燃費基準達成車と低排出ガス車のステッカーなぜ廃止? クルマに貼るステッカーはどんなものがあるのか?


■車庫証明ステッカー

最近、この保管場所標章を貼っているクルマが少なくなったような気がするが……

 車庫証明ステッカーは正式には「保管場所標章」と呼ばれ、このステッカーの貼付に関する基準は「自動車の保管場所の確保等に関する法律(以下、車庫法)」で定められている。

 車庫法の第六条2項には「前項の規定により保管場所標章の交付を受けた者は、国家公安委員会規則で定めるところにより、当該自動車に保管場所標章を表示しなければならない」とされており、車庫証明ステッカーを貼らないことは法律違反にあたる。

 ただし、地方によっては規定が変わる(車庫証明が不要の場合もあり、ステッカーが交付されない)こともあってか、罰則は定められていない。

 通常の保管場所標章を貼る位置は、乗用車ではリア(後面部)ガラスとなり、後面にガラスが装着されていないオープンカーなどのように、車両の後面が確認できない場合は、車体の左側面に貼ることになる。

■点検整備済ステッカー

前面ガラス左上に貼られている点検整備済ステッカー

 「点検整備済ステッカー」は誰もがよく見かけるはず。
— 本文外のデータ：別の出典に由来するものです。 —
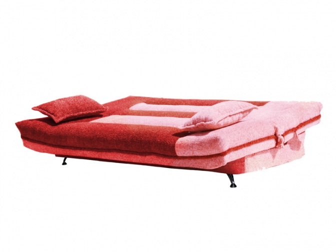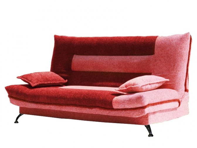 Диван книжка Лодочка велюр красный с хромированными ножками выполнен в ярком стиле. Удобная раскладная модель с механизмом «книжка» легко раскладывается в кровать, в качестве наполнителя установлен беспружинный блок ППУ. Диван не имеет подлокотников, но в комплект входят красивые диванные подушки.

視界を妨げることのないように、フロントガラスの左端(右ハンドルの場合)に貼られている場合が多い。

 国の定める認証工場で定期点検を受けたことを証明するもので、これには定期点検を実施した日付、工場の認証番号、次回の定期点検実施日が記載されており、整備の時期を確認できる役割を果たす。

 貼付義務はないため、点検後にシールを剥がしても罰則規定などもない。むしろ、期限切れの定期点検ステッカーを貼り付けていると、違反とみなされて罰則を受けることがあるので注意したい。

 ちなみに、フロントガラスではステッカーが貼れる位置は上端から20%と定められているが、これが適用されるのは車検ステッカー、点検整備ステッカーに限られる。それ以外の後付けのルームミラーやETCやカーナビ用のアンテナ、最近普及してきたドライブレコーダーなどは、フロントガラスの一部を覆っても問題にはならない。